Domain Decomposition Preconditioning

Classical methods

We have discussed the Jacobi preconditioner \( P_{\text{Jacobi}}^{-1} = D^{-1} \) where $D$ is the diagonal of $A$. Gauss-Seidel is \( P_{GS}^{-1} = (L+D)^{-1} \) where $L$ is the (strictly) lower triangular part of $A$. The upper triangular part may be used instead, or a symmetric form \( P_{SGS}^{-1} = (D+U)^{-1} D (L+D)^{-1} . \)

[Edit after class: fixed mistake in the above formula and added snippet below.]

Aside: Where does $P_{SGS}^{-1}$ come from?

Let's take the error iteration matrix for a forward sweep $I - (L+D)^{-1} A$ followed by a backward sweep $I - (D+U)^{-1}A$ and compute

\[\begin{align} I - P_{SGS}^{-1} A &= \big( I - (D+U)^{-1} A \big) \big(I - (L+D)^{-1} A \big) \\ &= I - (D+U)^{-1} A - (L+D)^{-1} A + (D+U)^{-1} A (L+D)^{-1} A \\ &= I - \Big( (D+U)^{-1} + (L+D)^{-1} - (D+U)^{-1} A (L+D)^{-1} \Big) A \\ &= I - \Big( (D+U)^{-1} + \underbrace{\big[I - (D+U)^{-1} A \big]}_{I - (D+U)^{-1} (D+U+L)} (L+D)^{-1} \Big) A \\ &= I - \Big( (D+U)^{-1} - (D+U)^{-1} L (L+D)^{-1} \Big) A \\ &= I - \Big( (D+U)^{-1} - (D+U)^{-1} \underbrace{(L+D-D) (L+D)^{-1}}_{I - D (L+D)^{-1}} \Big) A \\ &= I - \underbrace{(D+U)^{-1} D (L+D)^{-1}}_{P_{SGS}^{-1}} A . \end{align}\]

Further resources

• Saad (2003) Iterative Methods: Chapter 4: Basic Iterative Methods

Domain decomposition

Suppose we know how to solve problems on "subdomains", which may overlap.

This could be possible because they have special structure (e.g., above) or because they are small enough. We want to use this ability to solve the global problem.

Alternating Schwarz method

bc_circle = guess()
while not converged:
    u_circle = solve(A_circle, bc_circle)
    bc_rectangle = eval(u_circle, rectangle)
    u_rectangle = solve(A_rectangle, bc_rectangle)
    bc_circle = eval(u_rectangle, circle)
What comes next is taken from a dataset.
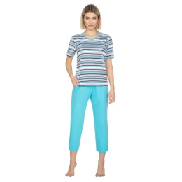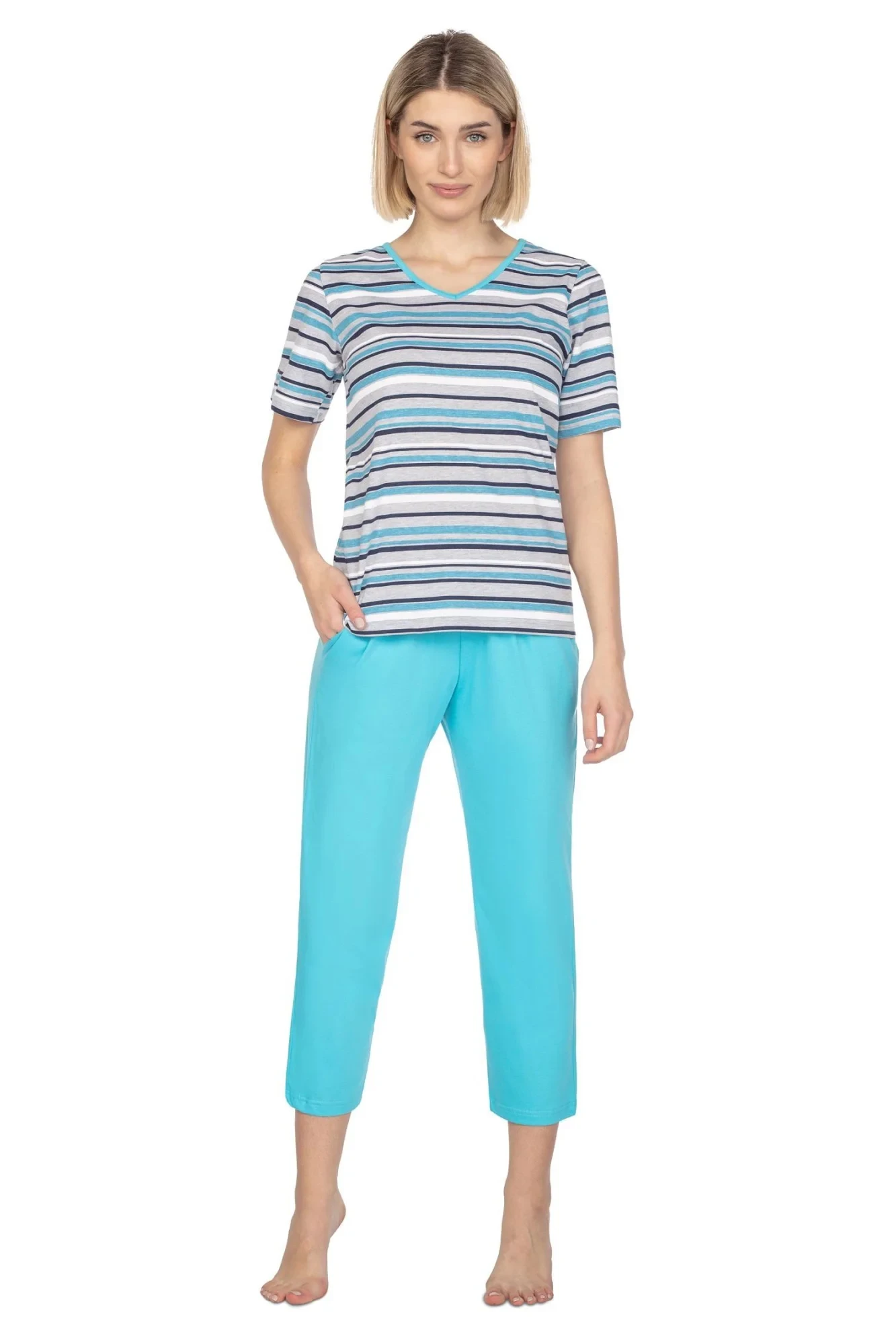Dámské pyžamo 654 turquise REGINA - tyrkysová barva - z vysoce jakostní bavlny - tyrkysové tričko s krátkými rukávy - pruhované - pohodlné jednobarevné kalhoty s pohodlnými kapsami

This method was proposed in 1870 by Hermann Schwarz as a theoretical tool, and is now called a "multiplicative" Schwarz method because the solves depend on each other. We can see it as a generalization of Gauss-Seidel in which we solve on subdomains instead of at individual grid points. As with Gauss-Seidel, it is difficult to expose parallelism.

Additive Schwarz methods

The additive Schwarz method is more comparable to Jacobi, with each domain solved in parallel. Our fundamental operation will be an embedding of each subdomain $V_i$ into the global domain $V$, which we call the prolongation

\[ P_i : V_i \to V \]

The transpose of prolongation, $P_i^T$, will sometimes be called restriction. Let's work an example.

%matplotlib inline
import numpy as np
import matplotlib.pyplot as plt
plt.style.use('seaborn')

N = 21
x = np.linspace(-1, 1, N)
overlap = 0
domains = [(0,N//3+overlap), (N//3-overlap, 2*N//3+overlap), (2*N//3-overlap, N)]
P = []
for i, (start, end) in enumerate(domains):
    P.append(np.eye(N, end-start, -start))
u = 1 + np.cos(3*x)
plt.plot(x, u)
u1 = P[1].T @ u   # Restrict to subdomain 1
plt.plot(P[1].T @ x, u1, 'o')
print(P[1].shape)

(21, 7)

plt.plot(x, P[1] @ u1, 'o-');  # Prolong to global domain

# Define a Laplacian
A = np.eye(N)
A[1:-1] = (2*np.eye(N-2, N, 1) - np.eye(N-2, N, 0) - np.eye(N-2, N, 2)) / (N-1)**2
A[:5, :5]

array([[ 1.    ,  0.    ,  0.    ,  0.    ,  0.    ],
       [-0.0025,  0.005 , -0.0025,  0.    ,  0.    ],
       [ 0.    , -0.0025,  0.005 , -0.0025,  0.    ],
       [ 0.    ,  0.    , -0.0025,  0.005 , -0.0025],
       [ 0.    ,  0.    ,  0.    , -0.0025,  0.005 ]])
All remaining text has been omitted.